There are Percy Ingle's all over the place, including at the top of the High Street, as this is a chain established in 1954 which has quietly become a giant. This one has got a good position situated on the corner of the High Street with Mission Grove, at a spot where there should be room to breathe and take stock on busy market days. Unfortunately, the business's attitude to its fellow pavement users has not been helping us all do this.
The sign sticking out into the street is a white tea pot on a green background, simply saying 'Teas'.(I wish there were more of these type of signs on the High Street to help people see how far they have gone on Market days and make temporary meeting points when they are out with friends who keep wandering off).

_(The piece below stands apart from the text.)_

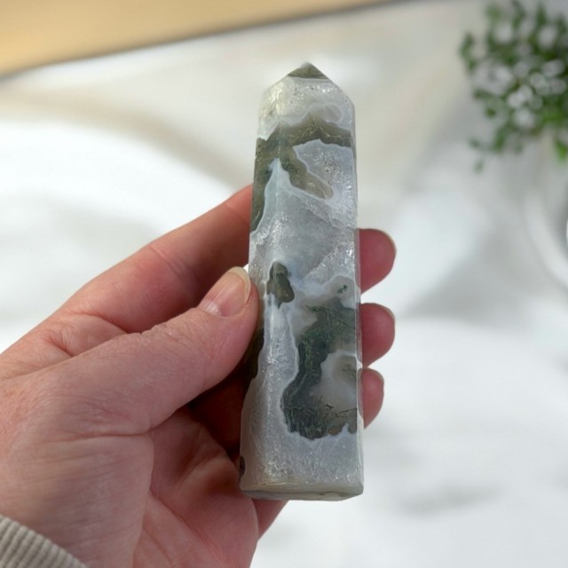 Å holde en Mose Agat er som å holde et levende stykke Moder Jord - en krystall som både beskytter, inspirerer og helbreder, mens den minner deg på at du alltid er en del av noe større.

It is a self-service sit-in establishment as well as a baker. A cup of tea is 70p. Standard coffee is 99p, a cappuchino or a latte is one pound twenty five. They sell a similar range of cakes as at Greggs, but one can sit down to eat them with a beverage and rest weary feet. Jam doughnuts are 3 for one pound forty or 50p each, panini, which is for sale now at Cafe Azrou, Euphoria, Queen's Cafe and Bar Rendezvous retails at two pounds sixty for a roast vegetable one or tuna melt. Their cornish pasty, a 'new improved recipe' at one pound twenty five is 50p cheaper than at Greggs. Two can be had for two pounds thirty. The unsliced bread is not as good value as at the Turkish shop, but they will slice it for you in-store on request. Their closest serious rival as a baker, particularly for cakes, is Sainsbury's, though the recently opened Goldring's Bakery will no doubt also be hoping to compete.